EXERCISE INSTRUCTIONS
Please copy the data exactly as it stands, minus the images.
MATERIAL FOR THE TASK below:
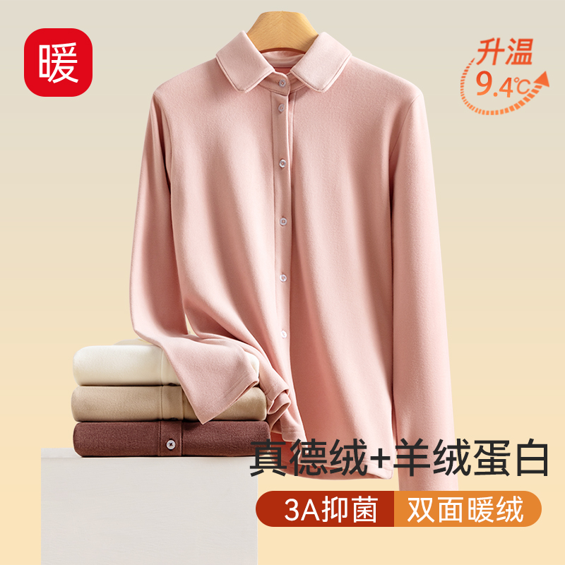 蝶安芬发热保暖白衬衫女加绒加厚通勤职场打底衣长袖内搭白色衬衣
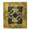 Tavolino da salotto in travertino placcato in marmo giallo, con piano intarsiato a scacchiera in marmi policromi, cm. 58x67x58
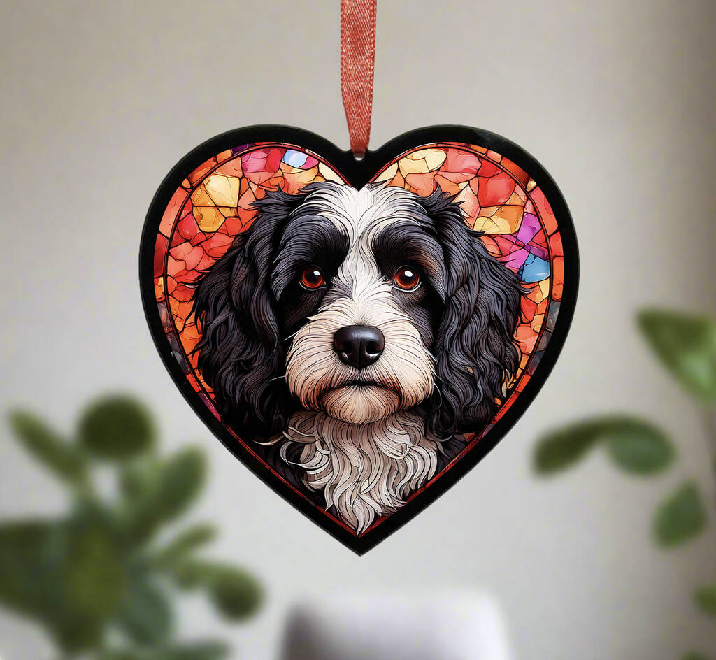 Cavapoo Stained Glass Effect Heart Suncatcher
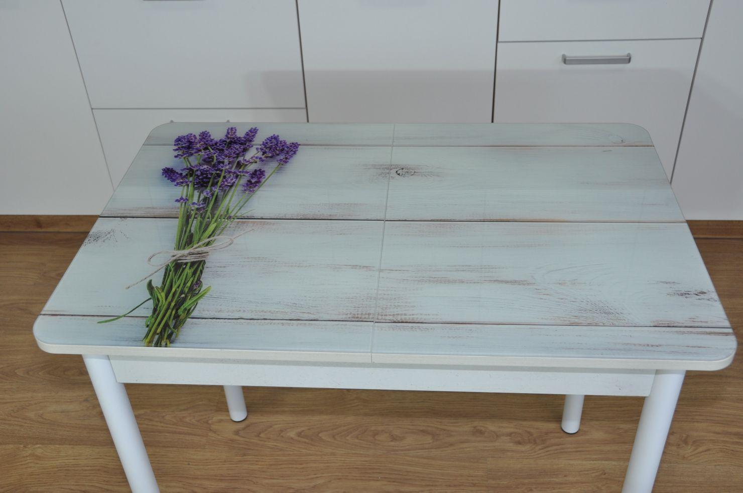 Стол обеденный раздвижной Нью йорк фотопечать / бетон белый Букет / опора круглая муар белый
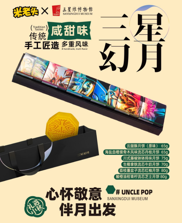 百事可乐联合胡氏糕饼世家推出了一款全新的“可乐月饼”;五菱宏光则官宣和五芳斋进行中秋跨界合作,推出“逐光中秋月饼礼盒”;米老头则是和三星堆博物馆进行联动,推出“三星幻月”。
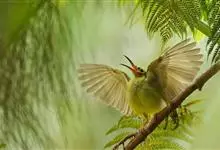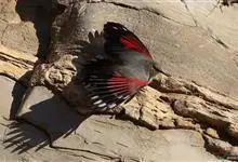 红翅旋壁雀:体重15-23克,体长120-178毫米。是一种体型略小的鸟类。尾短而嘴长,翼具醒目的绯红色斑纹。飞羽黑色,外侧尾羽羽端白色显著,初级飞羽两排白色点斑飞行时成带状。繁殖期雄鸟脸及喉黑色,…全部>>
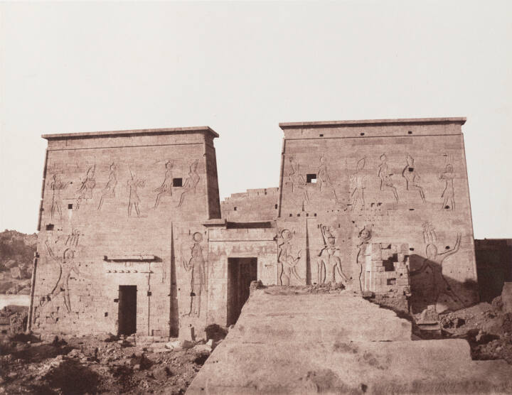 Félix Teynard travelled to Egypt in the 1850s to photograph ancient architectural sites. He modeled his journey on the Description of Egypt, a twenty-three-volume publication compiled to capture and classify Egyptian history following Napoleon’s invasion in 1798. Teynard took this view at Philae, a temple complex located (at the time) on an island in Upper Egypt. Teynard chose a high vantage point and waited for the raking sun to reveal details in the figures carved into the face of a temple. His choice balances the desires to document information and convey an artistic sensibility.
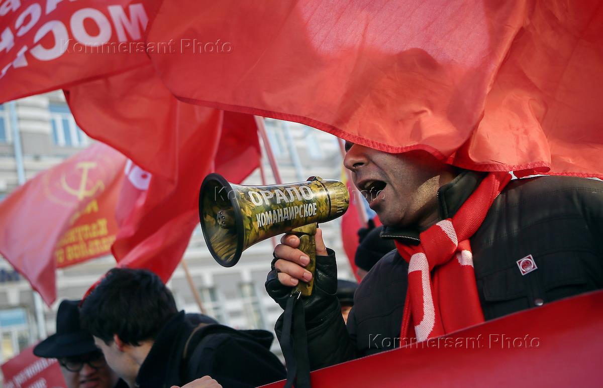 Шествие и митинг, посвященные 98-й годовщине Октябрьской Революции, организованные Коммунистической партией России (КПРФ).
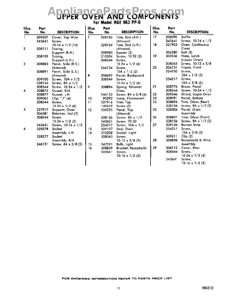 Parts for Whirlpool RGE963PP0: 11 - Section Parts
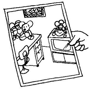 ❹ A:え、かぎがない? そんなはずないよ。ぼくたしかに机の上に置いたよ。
End of MATERIAL FOR THE TASK.
FINISHED TASK
 蝶安芬发热保暖白衬衫女加绒加厚通勤职场打底衣长袖内搭白色衬衣
 Tavolino da salotto in travertino placcato in marmo giallo, con piano intarsiato a scacchiera in marmi policromi, cm. 58x67x58
 Cavapoo Stained Glass Effect Heart Suncatcher
 Стол обеденный раздвижной Нью йорк фотопечать / бетон белый Букет / опора круглая муар белый
 百事可乐联合胡氏糕饼世家推出了一款全新的“可乐月饼”;五菱宏光则官宣和五芳斋进行中秋跨界合作,推出“逐光中秋月饼礼盒”;米老头则是和三星堆博物馆进行联动,推出“三星幻月”。
 红翅旋壁雀:体重15-23克,体长120-178毫米。是一种体型略小的鸟类。尾短而嘴长,翼具醒目的绯红色斑纹。飞羽黑色,外侧尾羽羽端白色显著,初级飞羽两排白色点斑飞行时成带状。繁殖期雄鸟脸及喉黑色,…全部>>
 Félix Teynard travelled to Egypt in the 1850s to photograph ancient architectural sites. He modeled his journey on the Description of Egypt, a twenty-three-volume publication compiled to capture and classify Egyptian history following Napoleon’s invasion in 1798. Teynard took this view at Philae, a temple complex located (at the time) on an island in Upper Egypt. Teynard chose a high vantage point and waited for the raking sun to reveal details in the figures carved into the face of a temple. His choice balances the desires to document information and convey an artistic sensibility.
 Шествие и митинг, посвященные 98-й годовщине Октябрьской Революции, организованные Коммунистической партией России (КПРФ).
 Parts for Whirlpool RGE963PP0: 11 - Section Parts
 ❹ A:え、かぎがない? そんなはずないよ。ぼくたしかに机の上に置いたよ。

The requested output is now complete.